Linear regression analysis,also known as linear modelling entails fitting a straight line,a plane or polynomial to a data.Like most of the machine learning algorithms,the goal of linear regression regression is to predict an output variable using other variables.Linear regression expresses the output variable or dependent variable as a function or a linear combination of the independent variables or the predictor variables.Linear regression is a widely used technique to model and understand real world phenomena.It is easy to use and understand intuitively.In simple linear regression,the model is just a straight line and for multiple regression,the model could either be a polynomial or a plane.But for this particular article,our main area of discussion is multiple linear regression.

The data we will be using for our regression analysis comprises of some technical specs of some cars.The data set is downloaded from UCI Machine Learning Repository.The UCI Machine Learning Repository is a machine learning repository that contains free data you can use for your machine learning projects.You can also go to my github repository for the data files and the python code written in a jupyter notebook.

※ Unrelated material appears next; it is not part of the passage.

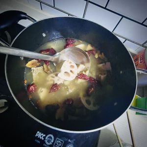 35分钟后放入切好的藕块~盖好盖子文火炖煮40分钟后加入热水500~1000ml(如果最开始加水多可不放)后放枸杞红枣小火偏大些炖25分钟~就可以出锅啦~

In this project,we try to predict the miles per gallon of a car using the multiple regression.Miles per gallon (mpg) of a car measures how far a car could go given one gallon of fuel.In every part of the world where the use of cars is very common,consumers sometimes consider the efficiency and fuel economy of the car they want to purchase before purchasing it.Everyone wants to buy a car that can travel far and consume less fuel.In this setting,let’s assume that we work for a firm that deals in cars and we have been given the task as data scientists to analyze this data and produce a good model that can predict/estimate the miles per gallon of a car with minimum error given other features of the car.

To begin with,we import the necessary modules we will be needing and they’re as follows.

Data preprocessing

In this part,all what we will do is to read in the data files,merge them and perform some data cleaning.Data cleansing or cleaning is a very important thing in the field of data analysis and machine learning.It requires detecting and correcting or removing inaccurate records from the data set.It improves your data quality and in doing so,increases overall productivity.When you clean your data,all outdated or incorrect information is gone leaving you with the highest quality information.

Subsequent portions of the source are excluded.